--- /dev/null
+/*
+
+Constant and basic transformations for the reference implementation of the Kalyna block cipher (DSTU 7624:2014)
+
+Authors: Ruslan Kiianchuk, Ruslan Mordvinov, Roman Oliynykov
+
+*/
+
+#ifndef KALYNA_DEFS_H
+#define KALYNA_DEFS_H
+
+
+#include <stdlib.h>
+#include <stdio.h>
+#include <memory.h>
+#include <limits.h>
+
+#include "kalyna.h"
+
+
+#if (ULLONG_MAX != 0xFFFFFFFFFFFFFFFFULL)
+#error "Architecture not supported. Required type to fit 64 bits."
+#endif
+
+#define kBITS_IN_WORD 64
+
+#if (CHAR_BIT != 8)
+#error "Architecture not supported.

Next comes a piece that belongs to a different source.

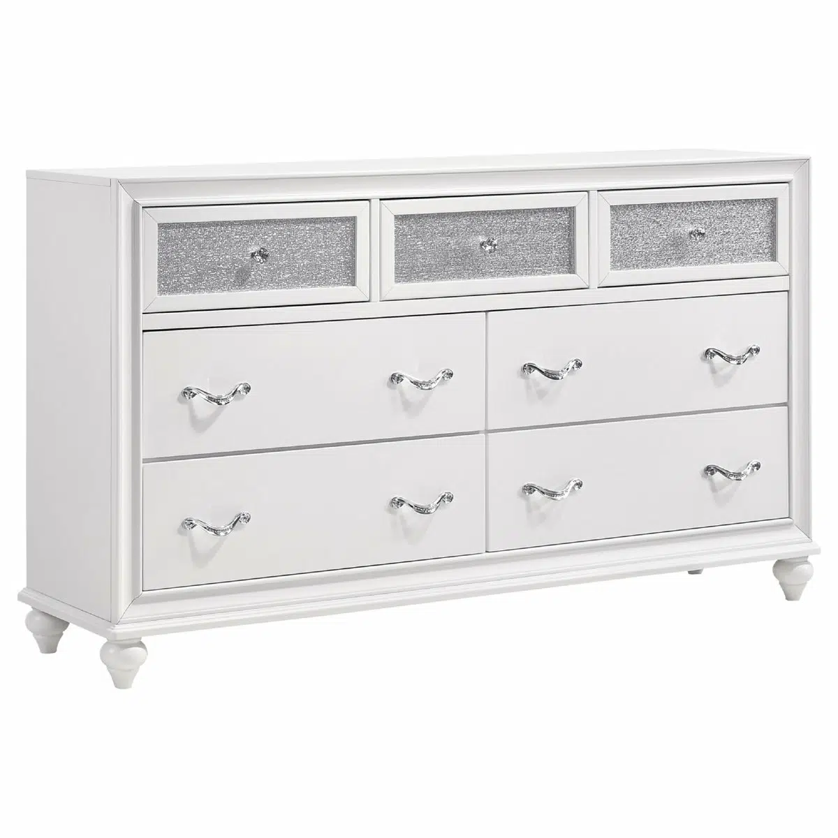 واجهات الأدراج العلوية تتميز بلمسة لامعة محفورة تضيف عمقًا بصريًا أنيقًا، مع مقابض كروم عصرية تعكس الإضاءة وتكمل المظهر الفاخر.

Required type to fit 8 bits."
+#endif
+
+#define kBITS_IN_BYTE 8
+
+#define TRUE 1
+#define FALSE 0
+
+/* Block words size. */
+#define kNB_128 2
+#define kNB_256 4
+#define kNB_512 8
+
+/* Key words size. */
+#define kNK_128 2
+#define kNK_256 4
+#define kNK_512 8
+
+/* Block bits size. */
+#define kBLOCK_128 kNB_128 * kBITS_IN_WORD
+#define kBLOCK_256 kNB_256 * kBITS_IN_WORD
+#define kBLOCK_512 kNB_512 * kBITS_IN_WORD
+
+/* Block bits size. */
+#define kKEY_128 kNK_128 * kBITS_IN_WORD
+#define kKEY_256 kNK_256 * kBITS_IN_WORD
+#define kKEY_512 kNK_512 * kBITS_IN_WORD
+
+/* Number of enciphering rounds size depending on key length. */
+#define kNR_128 10
+#define kNR_256 14
+#define kNR_512 18
+
+#define kREDUCTION_POLYNOMIAL 0x011d /* x^8 + x^4 + x^3 + x^2 + 1 */
+
+/*!
+ * Index a byte array as cipher state matrix.
+ */
+#define INDEX(table, row, col) table[(row) + (col) * sizeof(uint64_t)]
+
+
+/*!
+ * Substitute each byte of the cipher state using corresponding S-Boxes.
+ *
+ * @param ctx Initialized cipher context with current state and round keys
+ * precomputed.
+ */
+void SubBytes(kalyna_t* ctx);
+
+/*!
+ * Inverse SubBytes transformation.
+ *
+ * @param ctx Initialized cipher context with current state and round keys
+ * precomputed.
+ */
+void InvSubBytes(kalyna_t* ctx);
+
+/*!
+ * Shift cipher state rows according to specification.
+ *
+ * @param ctx Initialized cipher context with current state and round keys
+ * precomputed.
+ */
+void ShiftRows(kalyna_t* ctx);
+
+/*!
+ * Inverse ShiftRows transformation.
+ *
+ * @param ctx Initialized cipher context with current state and round keys
+ * precomputed.
+ */
+void InvShiftRows(kalyna_t* ctx);
+
+/*!
+ * Multiply bytes in Finite Field GF(2^8).
+ *
+ * @param x Multiplicand element of GF(2^8).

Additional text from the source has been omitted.